Spanaway man reportedly organized dozens of illegal street racing events in South King County

A 26-year-old Spanaway man faces a charge of attempting to elude a pursuing police vehicle after a Feb. 21 street racing incident in Kent.

Joseph M. Dillon allegedly sped away from an officer at speeds of 80 to 90 mph in a 35 mph zone eastbound on South 196th Street near 64th Avenue South, according to charging documents.

Dillon is scheduled to be arraigned June 21 at the Maleng Regional Justice Center in Kent. Kent Police arrested Dillon June 3 after tracking him down by obtaining search warrants for an Instagram account. Dillon allegedly used that social media device to promote street racing at numerous locations in the Seattle and South King County area.

Dillon was held in the King County jail for one day before he posted bond June 4 on a $10,000 bail. County prosecutors asked a judge to set bail at $50,000 arguing that Dillon was a danger to the community because of the racing events he organizes and the potential for him to commit vehicular assault.

Prosecutors also said Dillon might not appear in court because he has 11 warrants issued since 2013, all of which were for failure to appear.

According to probable cause documents, a Kent officer saw Dillon in a black Dodge Charger reportedly doing multiple high-speed doughnuts (“drifting”) in a parking lot in the 19000 block of 64th Avenue South near other occupied vehicles. The officer drove to the parking lot of the closed business because it a known popular spot for illegal street racing.

The officer, in a fully marked Kent Police F-150 pickup, activated his emergency lights when he pulled up behind the Dodge Charger.
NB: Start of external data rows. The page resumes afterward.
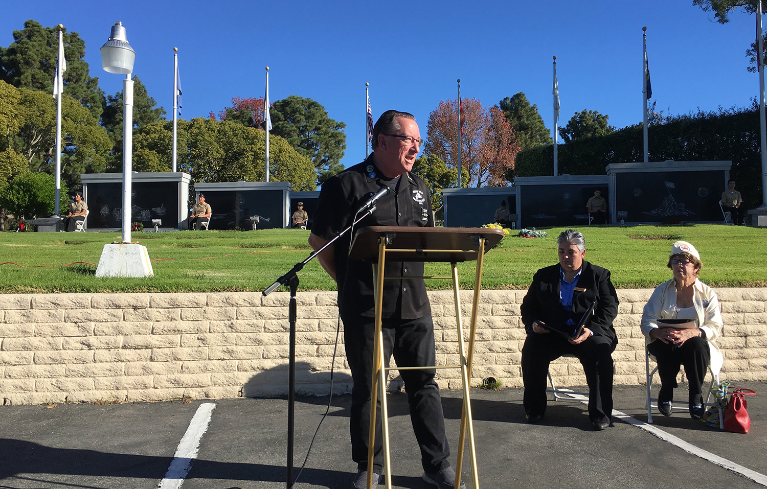 The Mission Viejo Elks, gathered support from the Veterans Committee, chaired by Jerrie Muir along with Charity Bingo, and donated $2,000 or 120 wreaths for the ceremony. For three consecutive years, Orange Elks Coast District National Veterans Service Chairman, Dave Perry, organized the Elks effort to support our community and honor our fallen heroes. Following the welcome address delivered by Pacific View Location Manager Marie Hess, a Gold Star Wife spoke about her husband’s career in the military along with her entire family of veterans.
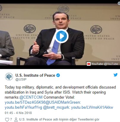 AA'nın haberine göre Orgeneral Votel, Trump'ın IŞİD ile Mücadele Özel Temsilcisi Brett McGurk ve ABD Uluslararası Kalkınma Ajansı Başkanı Büyükelçi Mark Green ile ABD Barış Enstitüsünün düzenlediği "IŞİD Sonrası Irak ve Suriye'nin İstikrarı' konulu panelde konuştu.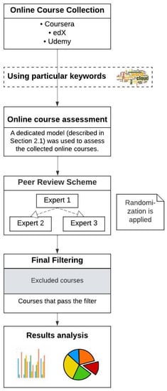 In this section, the steps followed, as well as the model used for the assessment of online courses, are presented in detail. More specifically, as depicted in Figure 1, the design of this evaluation study comprised the following steps:
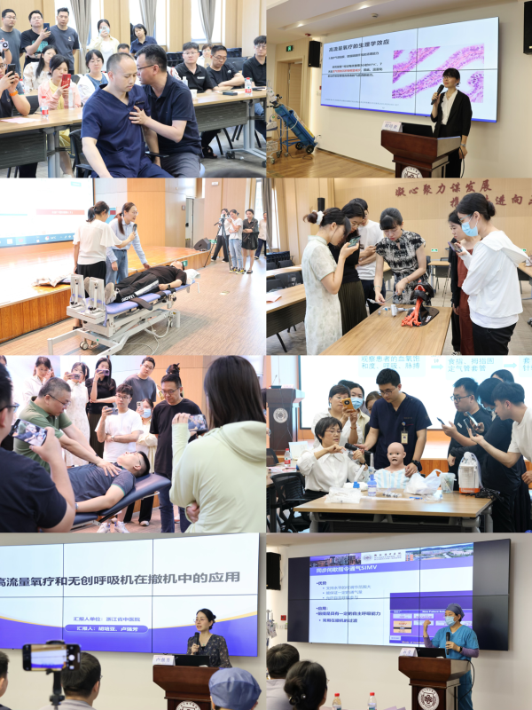 学习班首日开设五场工作坊。中国康复研究中心苏国栋、黄富表,中山大学附属第三医院万桂芳,南部战区总医院重症康复中心古菁、邢然然,浙江省中医院西溪院区蔡丹莉等专家领衔,通过“理论讲解+实操指导”模式,系统培训重症PT、OT、ST技术及基础抢救技能。浙江省中医院张志荣团队现场演示气管插管、支气管镜操作,石莹团队解析呼吸机应用与撤机技术,帮助学员提升临床操作能力。

The driver reportedly fled the parking lot and headed east on South 196th Street at a high rate of speed.

The officer pursued the Dodge for a short distance before discontinuing pursuit and losing sight of the car about 1.4 miles away from the location of the attempted traffic stop.
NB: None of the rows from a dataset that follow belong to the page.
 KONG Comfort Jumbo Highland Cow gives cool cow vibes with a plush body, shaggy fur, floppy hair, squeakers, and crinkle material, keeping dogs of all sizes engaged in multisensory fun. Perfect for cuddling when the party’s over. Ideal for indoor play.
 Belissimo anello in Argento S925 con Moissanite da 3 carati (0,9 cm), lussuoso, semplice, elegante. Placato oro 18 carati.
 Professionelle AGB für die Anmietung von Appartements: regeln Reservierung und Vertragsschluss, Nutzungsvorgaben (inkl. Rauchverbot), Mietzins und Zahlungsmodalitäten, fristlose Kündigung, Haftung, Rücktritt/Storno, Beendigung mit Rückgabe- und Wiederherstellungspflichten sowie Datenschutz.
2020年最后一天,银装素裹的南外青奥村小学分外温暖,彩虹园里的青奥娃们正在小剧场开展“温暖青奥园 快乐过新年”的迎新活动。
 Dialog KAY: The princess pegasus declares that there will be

For about 14 years, the officer noted in his report he has investigated illegal street racing. He said he is part of an anti-illegal street racing task force and worked with a Washington State Patrol trooper on this incident.

During their investigation they obtained search warrants for an Instagram account since that social media device is used to promote street racing. That led them to reportedly tie Dillon to the Kent case. Postings by Dillon indicated that he owned the Dodge Charger and that he planned to show it off on Feb. 21.

“I was gonna bring it out last night and get down but I swung at one spot and got chased by the Kent truck,” Dillon said according to probable cause documents.

Police reported that the Kent truck reference was to the F-150 driven by the officer on Feb. 21. The department has only a few F-150 trucks and had records showing that the officer had one of the trucks the night he pursued the Dodge Charger.

The officer and trooper during their investigation were able to track down a home address for Dillon and registration for a 2006 black Dodge Charger.

Based on information from Dillon’s Instagram messages, Dillon organized at least two dozen illegal street racing gatherings last year in Des Moines, Renton, Federal Way, Auburn, Tukwila and Seattle.

Dillon told police during an interview that he has attended events where the involved subjects take over intersections to socialize and look at each other’s cars.

When confronted with a lengthy list of gatherings from Seattle to Auburn that Dillon had reportedly posted as “spots” to meet, Dillon declined to answer any further questions.